**WHAT YOU HAVE TO DO**
Transcribe every entry word for word, but drop the pictures.
BEGIN LISTED ENTRIES
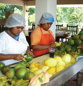 El zapote negro (árbol de la familia Ebenaceae, especie Diospyros digyna), la ciruela mexicana (árbol de la familia Anacardiaceae, especie Spondias purpurea) la guayaba (arbusto tropical de la familia Myrtaceae, género Psidium), el mango (árbol tropical de la familia Anacardiaceae, género Mangifera), la zarzamora (planta rastrera de la familia Rosaceae, género Rubus) y el mamey (árbol de la familia Sapotaceae, especie Pouteria sapota) son productos orgánicos regados con agua de manantial. Las frutas producidas por esta organización provienen de la región de Jungapeo, Michoacán. |
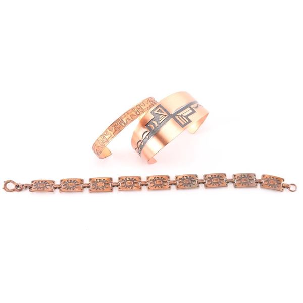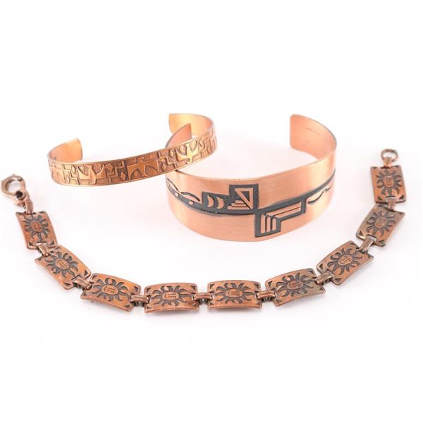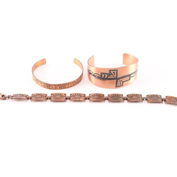 (2) Copper cuffs with native American designs, one 1 1/4" wide and one 1/4" wide, both measure 7 3/4" with gap. (1) Copper link bracelet with smiling suns on each link. Measures 9".
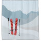 Abstract winter landscape with panoramic mountain view, red ski equipment, trail and blue sky
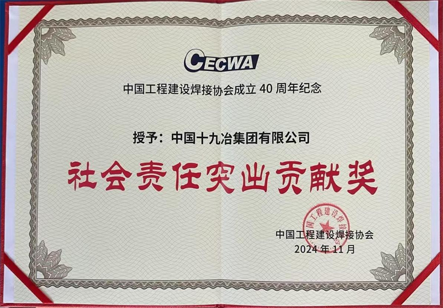 中国工程建设焊接协会“社会责任突出贡献奖”
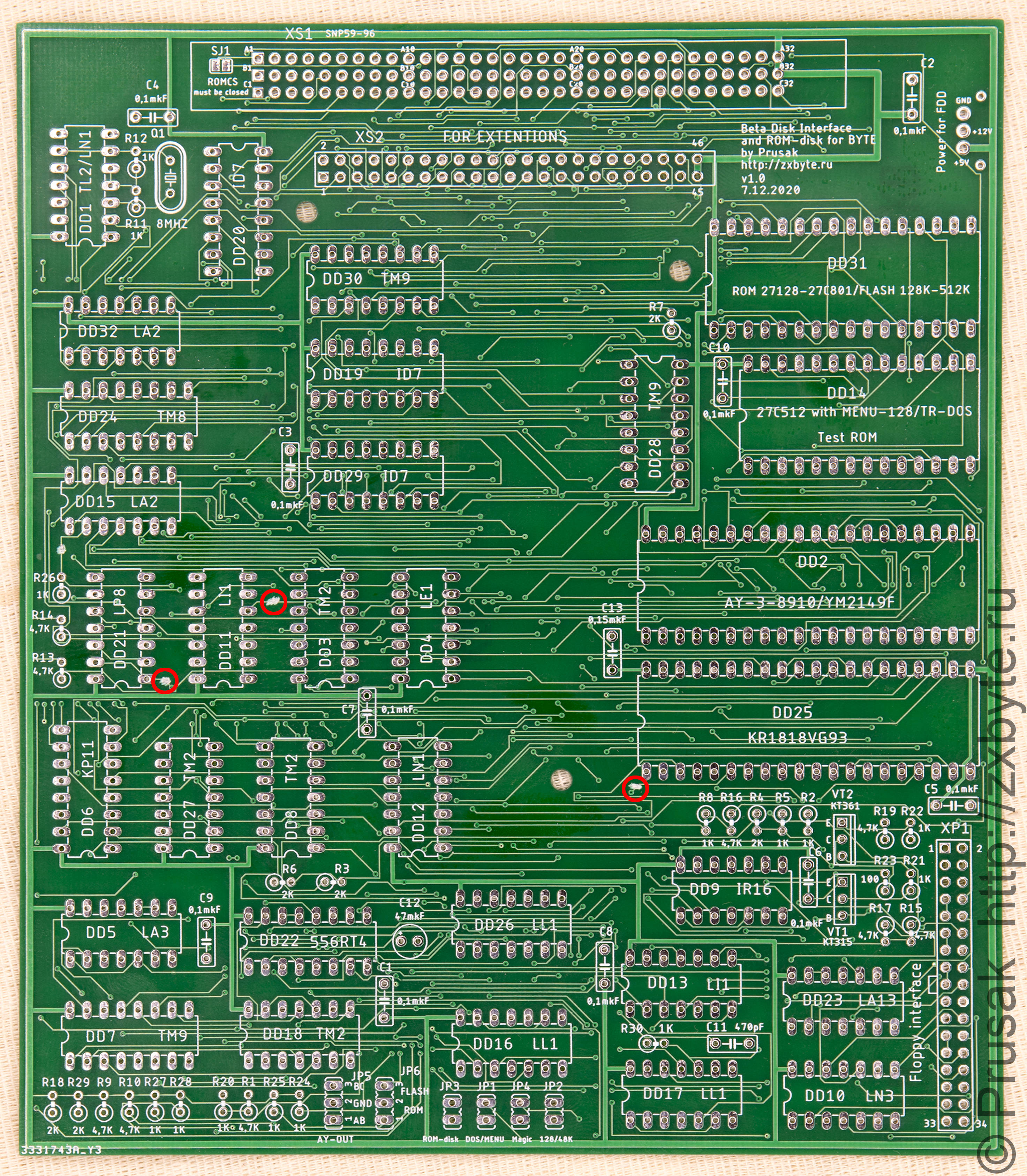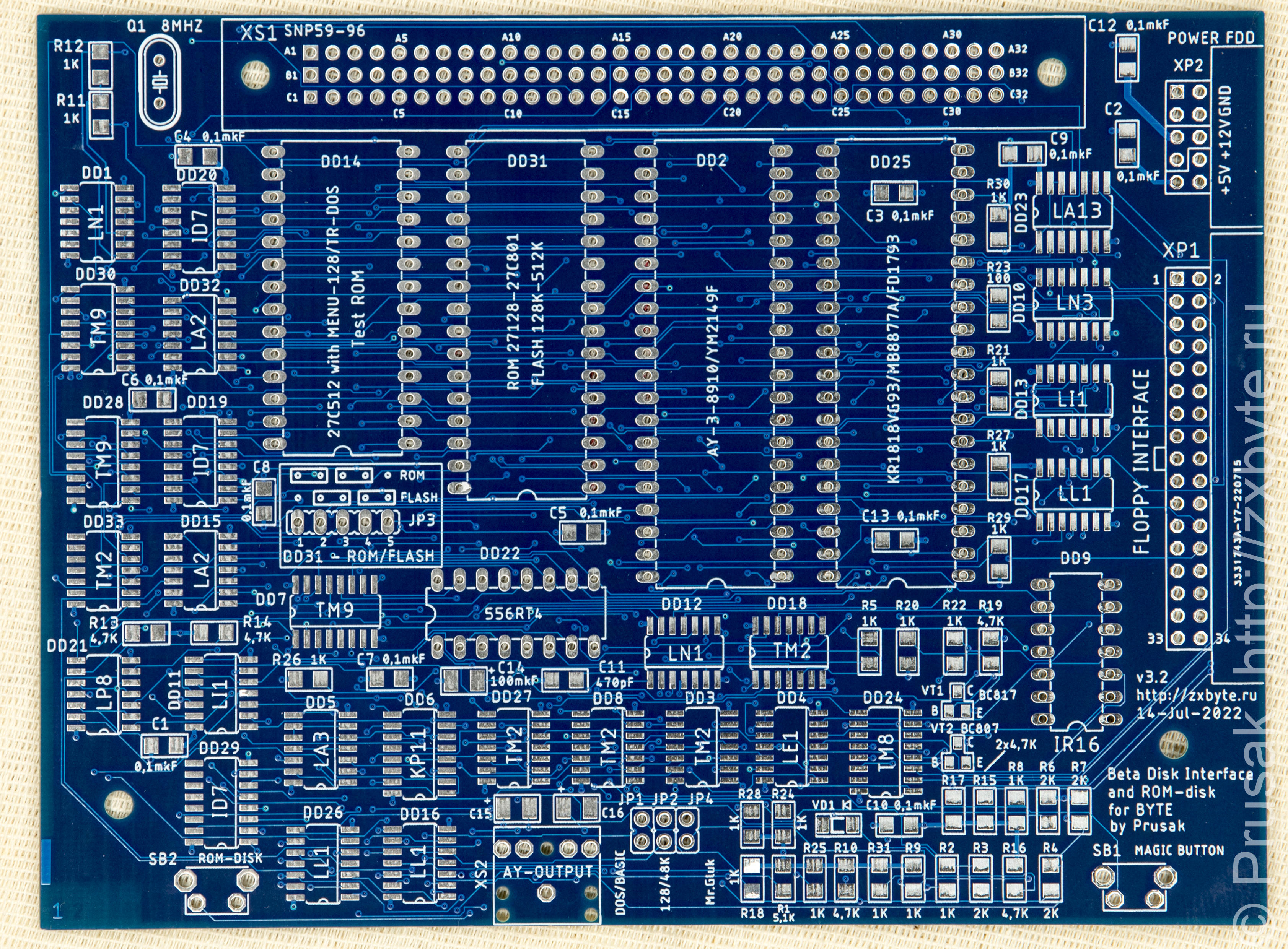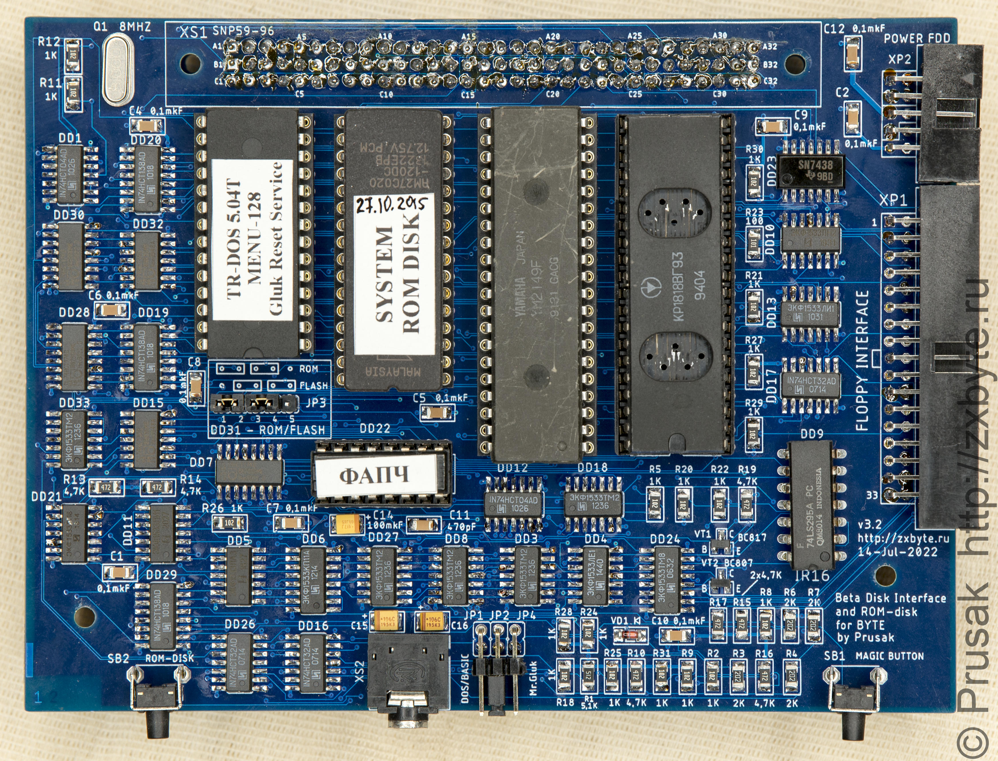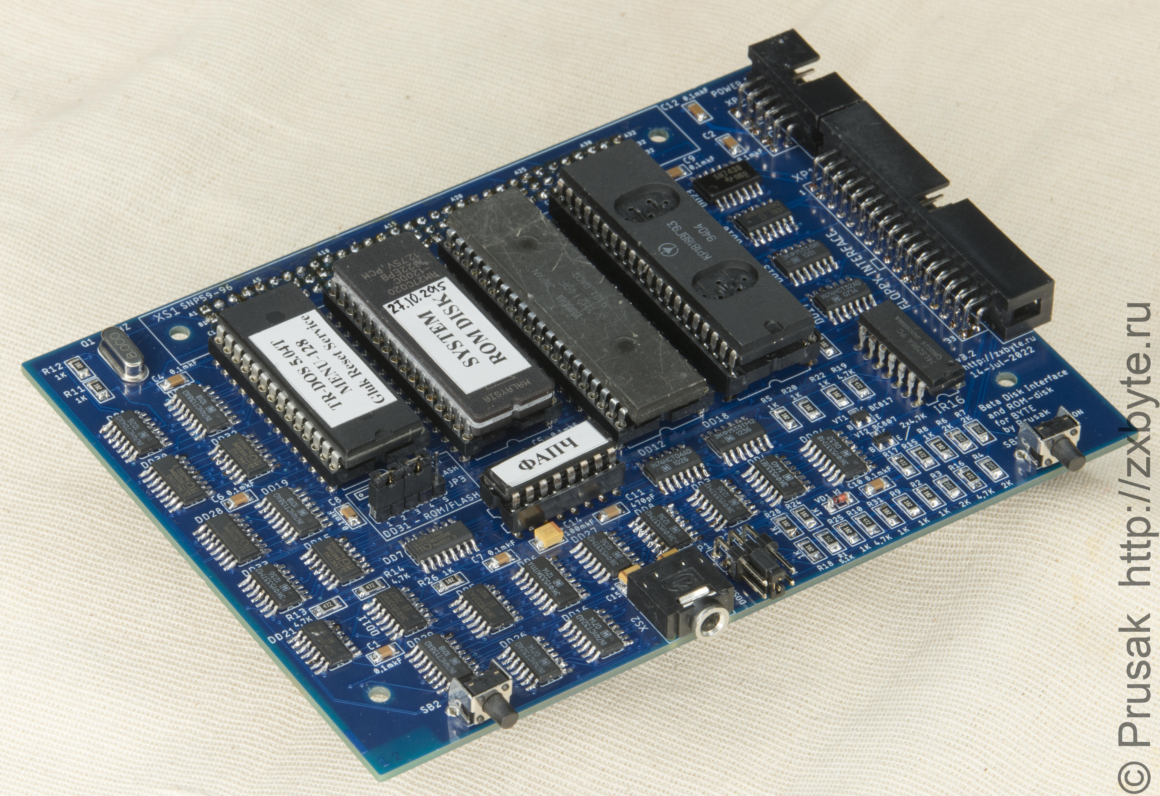 «Оригинальные» контроллеры дисковода к «Байту» на данный момент (да и раньше) купить не так-то просто - их выпущено очень мало по сравнению с общим количеством «Байтов». Поэтому я решил попробовать себя в качестве разработчика периферии для «Байта», и подготовил свой контроллер дисковода под названием BDI Prusak Edition :)
END LISTED ENTRIES
**RESULT OF THE TASK**
 El zapote negro (árbol de la familia Ebenaceae, especie Diospyros digyna), la ciruela mexicana (árbol de la familia Anacardiaceae, especie Spondias purpurea) la guayaba (arbusto tropical de la familia Myrtaceae, género Psidium), el mango (árbol tropical de la familia Anacardiaceae, género Mangifera), la zarzamora (planta rastrera de la familia Rosaceae, género Rubus) y el mamey (árbol de la familia Sapotaceae, especie Pouteria sapota) son productos orgánicos regados con agua de manantial. Las frutas producidas por esta organización provienen de la región de Jungapeo, Michoacán. |
 (2) Copper cuffs with native American designs, one 1 1/4" wide and one 1/4" wide, both measure 7 3/4" with gap. (1) Copper link bracelet with smiling suns on each link. Measures 9".
 Abstract winter landscape with panoramic mountain view, red ski equipment, trail and blue sky
 中国工程建设焊接协会“社会责任突出贡献奖”
 «Оригинальные» контроллеры дисковода к «Байту» на данный момент (да и раньше) купить не так-то просто - их выпущено очень мало по сравнению с общим количеством «Байтов». Поэтому я решил попробовать себя в качестве разработчика периферии для «Байта», и подготовил свой контроллер дисковода под названием BDI Prusak Edition :)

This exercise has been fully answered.